§ Description of the task
Your copy should hold exactly the lines from the beginning of the listing below through the line with "Large pile of", without any pictures.
+---+
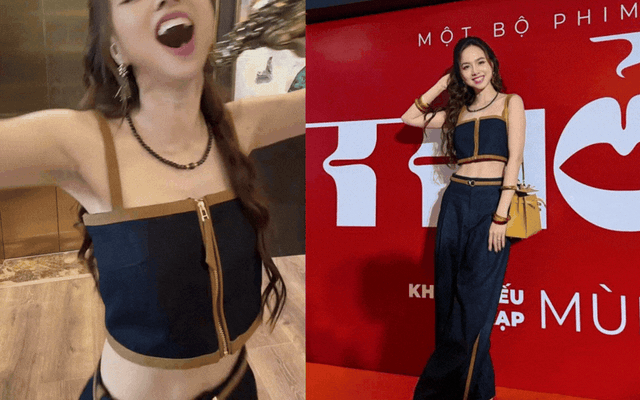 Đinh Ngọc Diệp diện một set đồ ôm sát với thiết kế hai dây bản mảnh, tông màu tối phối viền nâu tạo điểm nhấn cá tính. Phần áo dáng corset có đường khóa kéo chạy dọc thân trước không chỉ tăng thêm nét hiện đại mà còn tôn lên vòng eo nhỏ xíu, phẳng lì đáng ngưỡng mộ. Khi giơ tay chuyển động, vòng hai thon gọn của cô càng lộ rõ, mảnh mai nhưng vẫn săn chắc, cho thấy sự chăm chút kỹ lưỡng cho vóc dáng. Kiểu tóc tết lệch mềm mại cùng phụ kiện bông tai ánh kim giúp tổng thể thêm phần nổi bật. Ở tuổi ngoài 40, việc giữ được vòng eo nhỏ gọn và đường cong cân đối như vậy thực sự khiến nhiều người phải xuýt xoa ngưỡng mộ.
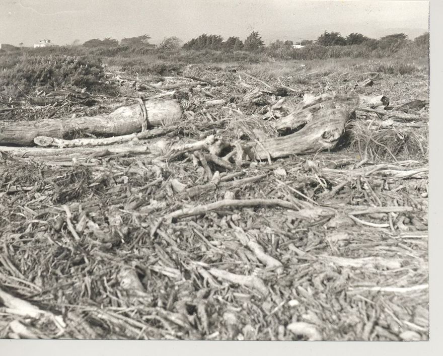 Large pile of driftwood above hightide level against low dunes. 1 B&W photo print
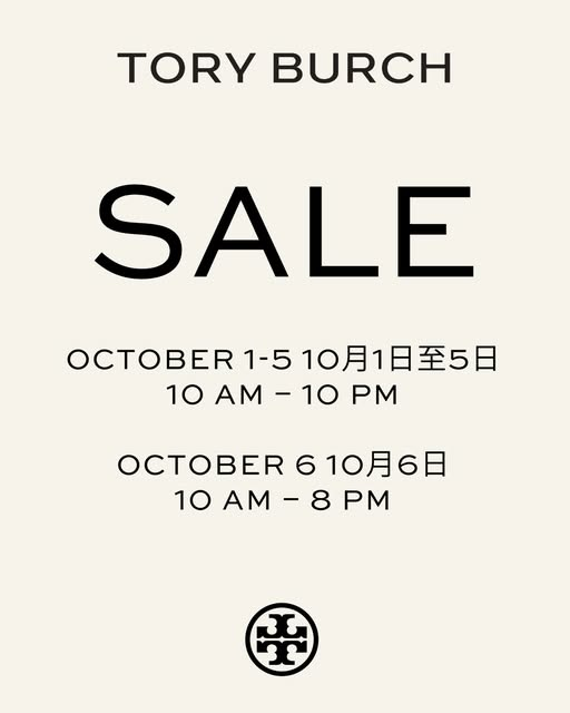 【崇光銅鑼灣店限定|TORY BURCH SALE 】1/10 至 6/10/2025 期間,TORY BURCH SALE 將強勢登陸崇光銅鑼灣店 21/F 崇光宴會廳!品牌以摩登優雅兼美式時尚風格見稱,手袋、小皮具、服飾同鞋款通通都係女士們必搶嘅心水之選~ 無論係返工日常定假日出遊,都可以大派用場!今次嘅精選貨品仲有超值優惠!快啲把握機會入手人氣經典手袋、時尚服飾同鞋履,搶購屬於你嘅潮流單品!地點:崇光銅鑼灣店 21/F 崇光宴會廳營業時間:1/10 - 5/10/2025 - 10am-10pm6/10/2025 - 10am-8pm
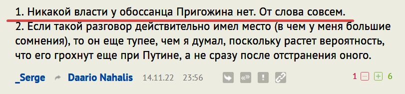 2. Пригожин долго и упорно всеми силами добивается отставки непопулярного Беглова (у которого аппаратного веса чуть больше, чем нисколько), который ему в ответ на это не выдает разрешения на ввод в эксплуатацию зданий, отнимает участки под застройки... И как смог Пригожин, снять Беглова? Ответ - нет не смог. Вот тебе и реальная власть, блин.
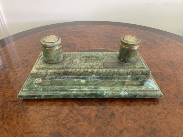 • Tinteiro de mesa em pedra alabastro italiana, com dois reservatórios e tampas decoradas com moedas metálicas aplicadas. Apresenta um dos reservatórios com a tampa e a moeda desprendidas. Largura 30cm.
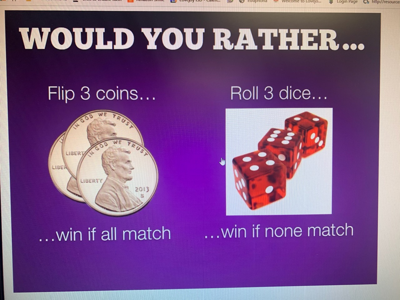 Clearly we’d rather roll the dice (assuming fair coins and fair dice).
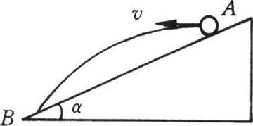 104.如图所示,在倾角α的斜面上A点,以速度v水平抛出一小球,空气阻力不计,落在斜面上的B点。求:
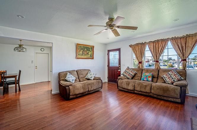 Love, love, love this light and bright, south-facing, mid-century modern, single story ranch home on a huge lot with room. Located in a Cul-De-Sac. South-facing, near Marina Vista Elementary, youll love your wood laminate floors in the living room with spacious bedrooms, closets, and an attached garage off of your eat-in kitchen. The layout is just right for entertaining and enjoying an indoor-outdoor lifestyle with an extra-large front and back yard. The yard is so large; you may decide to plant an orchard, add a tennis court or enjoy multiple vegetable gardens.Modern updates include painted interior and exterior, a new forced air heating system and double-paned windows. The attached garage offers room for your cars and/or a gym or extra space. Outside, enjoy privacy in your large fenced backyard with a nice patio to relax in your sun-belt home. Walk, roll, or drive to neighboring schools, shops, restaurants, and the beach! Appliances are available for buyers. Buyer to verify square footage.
+---+
§ Solution for this task
 Đinh Ngọc Diệp diện một set đồ ôm sát với thiết kế hai dây bản mảnh, tông màu tối phối viền nâu tạo điểm nhấn cá tính. Phần áo dáng corset có đường khóa kéo chạy dọc thân trước không chỉ tăng thêm nét hiện đại mà còn tôn lên vòng eo nhỏ xíu, phẳng lì đáng ngưỡng mộ. Khi giơ tay chuyển động, vòng hai thon gọn của cô càng lộ rõ, mảnh mai nhưng vẫn săn chắc, cho thấy sự chăm chút kỹ lưỡng cho vóc dáng. Kiểu tóc tết lệch mềm mại cùng phụ kiện bông tai ánh kim giúp tổng thể thêm phần nổi bật. Ở tuổi ngoài 40, việc giữ được vòng eo nhỏ gọn và đường cong cân đối như vậy thực sự khiến nhiều người phải xuýt xoa ngưỡng mộ.
 Large pile of driftwood above hightide level against low dunes. 1 B&W photo print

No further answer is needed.